I'll make a big leap of faith and assume that the underlying network provider for Java is the same as for C...the O/S allocates more than just SO_SNDBUF for every socket. I bet if you put your send code in a for(1,100000) loop, you would eventually get a write that succeeds with a value smaller than requested.

Clay
Thanks for the idea. I just did a few hundred multi-megabyte writes and not a single one of them returned with a value less than the full amount.
jpdaigle
Any chance you can watch the traffic with a sniffer and see how the packets are being sent? Might give you a clue if the sending library is even trying to break up the packets into smaller than MTU chunks.
stu
+1  A: 

I've been working with UDP in Java and have seen some really "interesting" and completely undocumented behavior in the Java NIO stuff in general. The best way to determine what is happening is to look at the source which comes with Java.

I also would wager rather highly that you might find a better implementation of what you're looking for in any other JVM implementation, such as IBM's, but I can't guarantee that without look at them myself.

Spencer K
+3  A: 

I managed to reproduce a situation that might be similar to yours. I think, ironically enough, your recipient is consuming the data faster than you're writing it.

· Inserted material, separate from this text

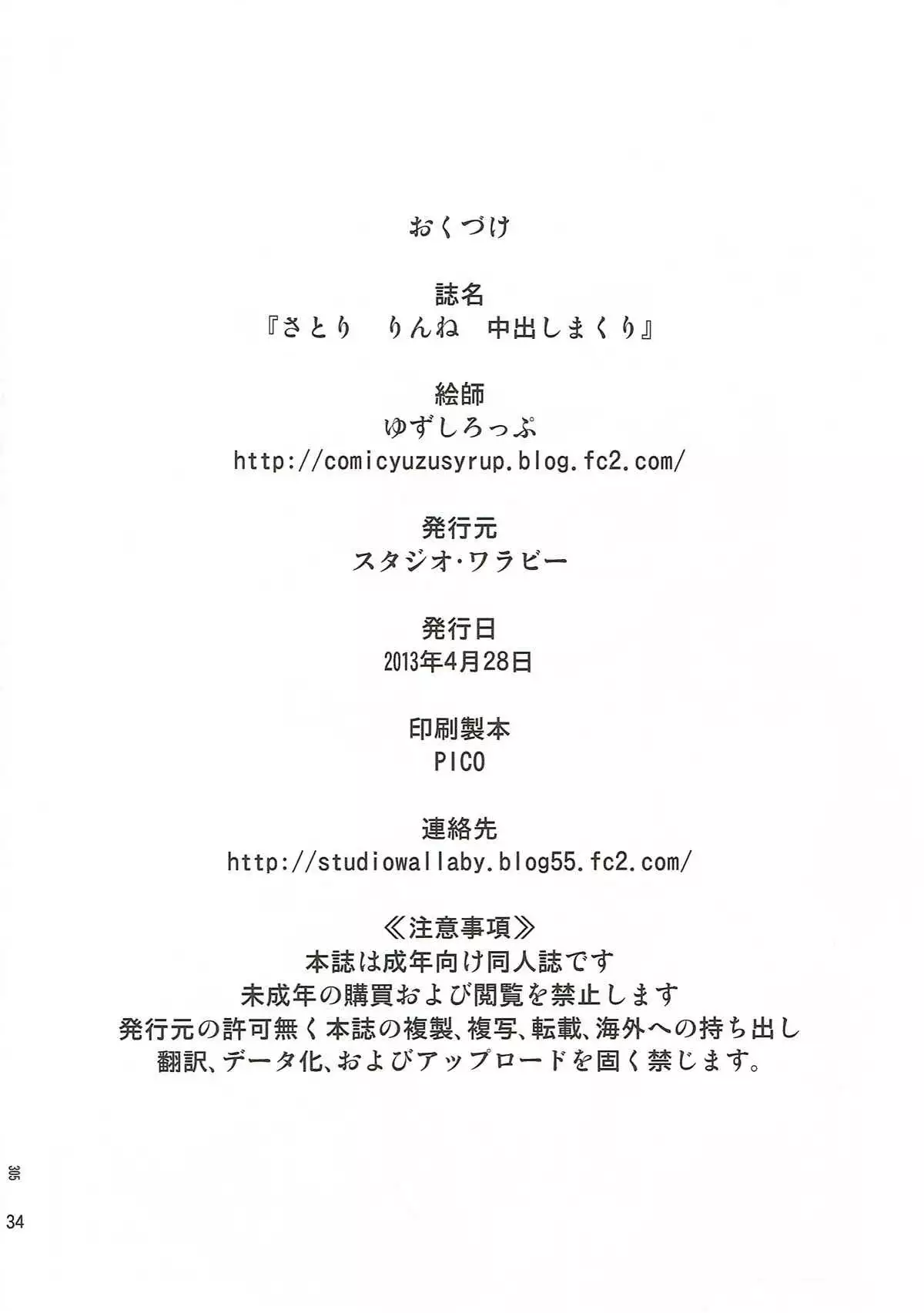 (COMIC1☆7) [Studio Wallaby (Yuzu Syrup)] Satori Rinne Nakadashimakuri (Chousoku Henkei Gyrozetter)

import java.io.InputStream;
import java.net.ServerSocket;
import java.net.Socket;

public class MyServer {
  public static void main(String[] args) throws Exception {
    final ServerSocket ss = new ServerSocket(12345);
    final Socket cs = ss.accept();
    System.out.println("Accepted connection");

    final InputStream in = cs.getInputStream();
    final byte[] tmp = new byte[64 * 1024];
    while (in.read(tmp) != -1);

    Thread.sleep(100000);
  }
}



import java.net.InetSocketAddress;
import java.nio.ByteBuffer;
import java.nio.channels.SocketChannel;

public class MyNioClient {
  public static void main(String[] args) throws Exception {
    final SocketChannel s = SocketChannel.open();
    s.configureBlocking(false);
    s.connect(new InetSocketAddress("localhost", 12345));
    s.finishConnect();

    final ByteBuffer buf = ByteBuffer.allocate(128 * 1024);
    for (int i = 0; i < 10; i++) {
      System.out.println("to write: " + buf.remaining() + ", written: " + s.write(buf));
      buf.position(0);
    }
    Thread.sleep(100000);
  }
}

If you run the above server and then make the above client attempt to write 10 chunks of 128 kB of data, you'll see that every write operation writes the whole buffer without blocking. However, if you modify the above server not to read anything from the connection, you'll see that only the first write operation on the client will write 128 kB, whereas all subsequent writes will return 0.

Output when the server is reading from the connection:

to write: 131072, written:  131072
to write: 131072, written:  131072
to write: 131072, written:  131072
...

Output when the server is not reading from the connection:

to write: 131072, written:  131072
to write: 131072, written:  0
to write: 131072, written:  0
...
Alexander
A: 

You really should look at an NIO framework like MINA or Grizzly. I've used MINA with great success in an enterprise chat server. It is also used in the Openfire chat server. Grizzly is used in Sun's JavaEE implementation.

Heath Borders
A: 

Where are you sending the data? Keep in mind that the network acts as a buffer that is at least equal in size to your SO_SNDBUF plus the receiver's SO_RCVBUF. Add this to the reading activity by the receiver as mentioned by Alexander and you can get a lot of data soaked up.